Gene Expression Profiling for Prognosis The DecisionDx-Melanoma 31-gene GEP test provides risk stratification scores (1A low risk, 1B/2A intermediate, 2B high risk) independent of AJCC staging. Multiple studies report it independently predicts metastatic risk for stage I-III melanoma. However, AAD and NCCN do not endorse routine use due to concerns about performance in stage I disease (over 70% of all new cases), poor performance in some meta-analyses, and the test's $7,193 cost with uncertain clinical benefit.

AI in Pathology AI augmented dermatopathology is in its nascent stage. Several studies suggest AI performs equal to or better than experienced pathologists for melanoma in artificial settings. However, barriers include the high cost of slide digitization, need for large validated training datasets, and the fundamental challenge that AI cannot resolve the diagnostic disagreement problem among dermatopathologists - the very disagreements that make training ground truth unreliable.

TL;DR: Gene expression profiling offers prognostic information beyond AJCC staging but remains controversial and unapproved for routine use; AI pathology shows early promise but faces barriers of cost, data availability, and the unresolved interobserver disagreement that poisons training data.
Page 11
The Overdiagnosis Problem and Priorities for Future Research

Overdiagnosis as the Most Urgent Problem The authors identify overdiagnosis of melanoma as the most pressing issue requiring attention. While debate continues about the degree of overdiagnosis, epidemiologic evidence makes a compelling case for a significant fraction of early melanomas being clinically insignificant. The immediate priority is identifying the small fraction of aggressive melanomas within the large pool of indolent early lesions currently being detected.

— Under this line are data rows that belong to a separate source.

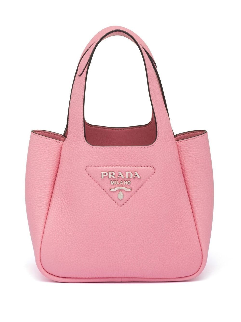 Prada’s tote bag spotlights the band’s signature triangle motif. Crafted from leather, this rose-pink iteration is topped with the brand’s triangle logo at the centre.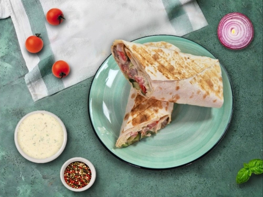 Лаваш, морковь по-корейски, свинина с мангала, филе бедра с мангала, ветчина из индейки, соленый огурец, шава соус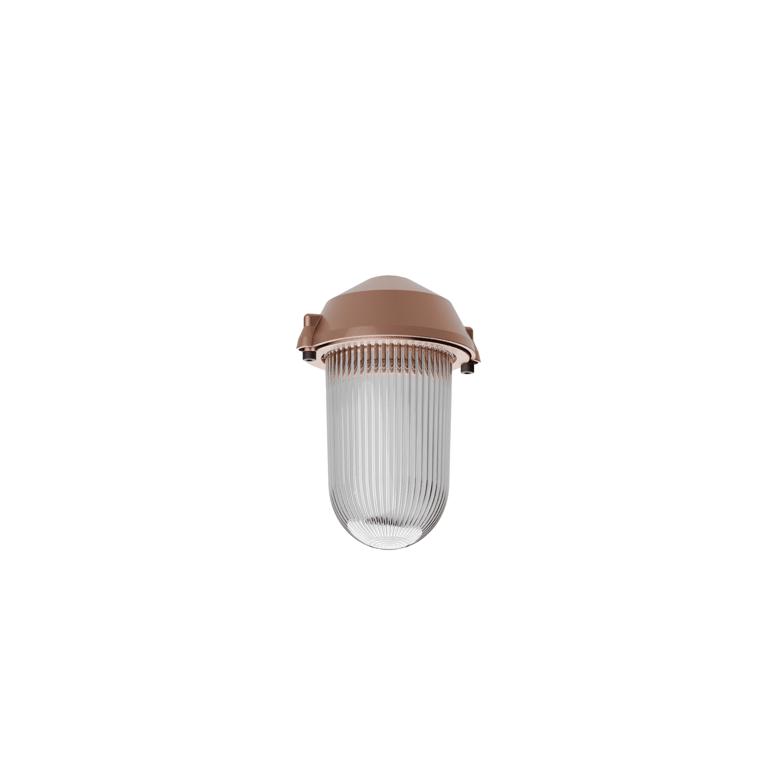 Il diffusore in vetro borosilicato rigato ad alto spessore dalla forma a cupola conferisce un aspetto elegante e rigoroso.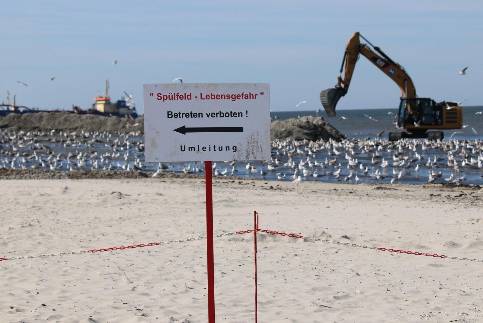 Blick auf eine Sandaufspülung am Weststrand der Insel Norderney. Kurz vor dem Beginn der Sturmflutsaison hat der Küstenschutz in Niedersachsen letzte Baustellen abgeschlossen. Die Sturmflutsaison dauert in der Regel von Oktober bis März. © Foto: dpa/Bartels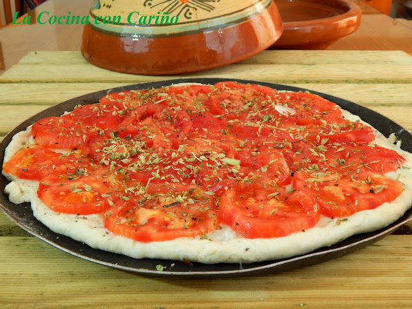 Encendemos nuestro horno y lo ponemos a 200ºC por abajo. Cuando alcance la temperatura, podremos empezar a meter dentro nuestra masa. Lo primero que haremos es preparar un capa lo más fina posible de masa que podamos y la colocaremos en nuestra placa de horno. Colocaremos el tomate, lo salpimentaremos y pondremos un poco de orégano. Meteremos en el horno unos 7 minutos.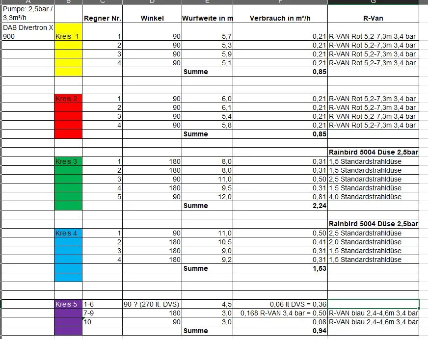 Ich habe mich viel an diesem Thread Hilfe bei Bewässerungsplanung benötigt - Hausgarten.net orientiert, der mir schon sehr weitergeholfen hat.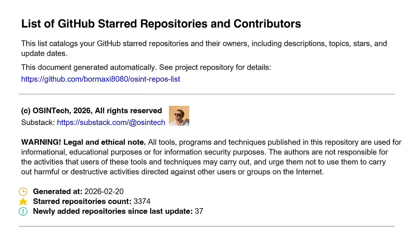 Full OSINT Repos List Collection available for paid Subscribers.

Shifting Detection Strategy Without evidence of mortality benefit, population-based skin cancer screening risks receiving a USPSTF grade of D (discourage screening), as occurred with thyroid cancer in 2017 - which resulted in decreased incidence without change in mortality. The dermatology community needs to generate evidence of screening benefit, particularly in high-risk populations, or risk a mandatory strategy shift imposed by regulatory bodies.

The Molecular Future The molecular classification of melanoma is expected to replace clinicopathologic classification as validated, convenient, and cost-effective molecular tests emerge. AI-augmented clinical and histopathologic diagnosis will streamline the diagnostic process. The next AJCC edition will incorporate molecular prognostic factors. Solving melanoma's overdiagnosis problem, however, will require cultural and regulatory shifts beyond technology - changes in biopsy thresholds, pathological criteria, and detection strategies.

TL;DR: Overdiagnosis of indolent melanomas is the field's most urgent unresolved problem; the future lies in molecular classification and AI-augmented diagnosis, but cultural and regulatory shifts toward more selective detection strategies are equally necessary.
Citation: Open Access, 2023. Available at: PMC10703395.